I keep wanting to say that Lawrence Watt-Evans is merely a competent writer and nothing more, but it’s getting hard to do that. Lawrence Watt-Evans’ With a Single Spell, the second novel of his Ethshar series, is consistently better than it needs to be. From every cover indication, this is a minor work of light fluffy fantasy, but (like the first Ethshar book, The Misenchanted Sword) the book delivers more than the cover promises.
Our Hero is an apprentice wizard whose master has just met an untimely demise, a situation particularly problematic in that he’d only taught his apprentice one spell of limited utility. The apprentice now faces a rather hostile world with no obvious means to support himself, so he leaves his little village for parts unknown. What follows is a plot that’s not especially novel, but never feels cheaply derivative.
Watt-Evans’ biggest strength here is the world-building. Both the little village and the parts unknown feel non-generic.
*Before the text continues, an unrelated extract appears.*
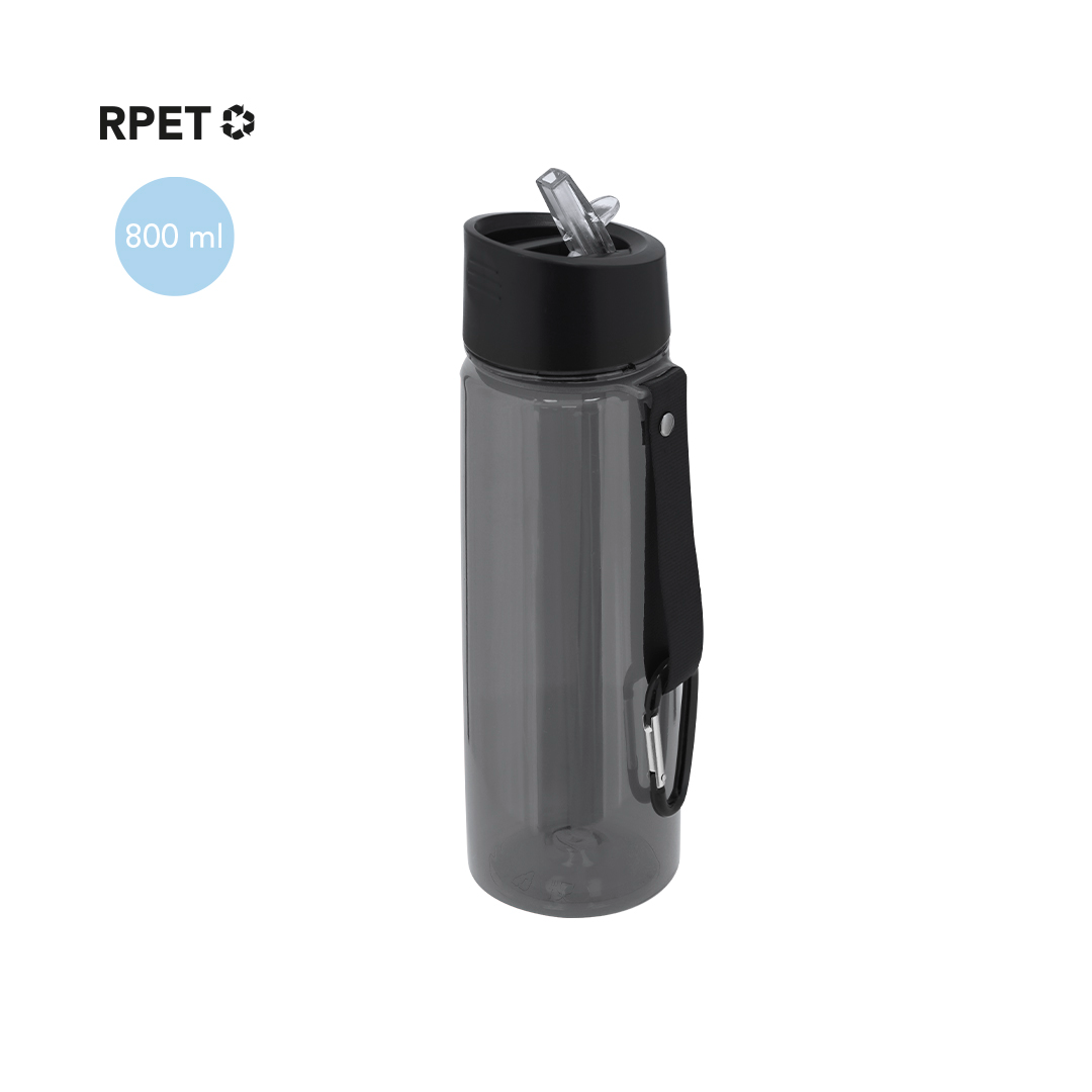 Bidón de 800 ml fabricado en resistente RPET y cuerpo de acabado transparente en variada gama de colores. Tapón negro de rosca, con dosificador y dosificador plegable

There’s a solidity to Ethshar; it has that same over-developed feel that Tolkien’s Middle-Earth had—there are little mysterious, unexplained bits to the world such that you suspect it of a real history rather than a sterile imagining. Onto this, Watt-Evans layers writing that can be described as competent (which I don’t mean as an insult: if he’s not a stunning prose stylist, then neither do his stylistic tics make themselves obtrusive; this is the sort of transparent prose that never detracts from a story), well-paced plotting, and a genuine sense of discovery.
There are no deeply emotional moments, no paragraphs that make you take an indrawn breath; but there is a sustained level of goodness—enough to keep me up all night and not feel bad about having done so in the morning. This is quality light fantasy, a genre always in short supply on my bookshelves, and I’ve just ordered the rest of the series from Amazon.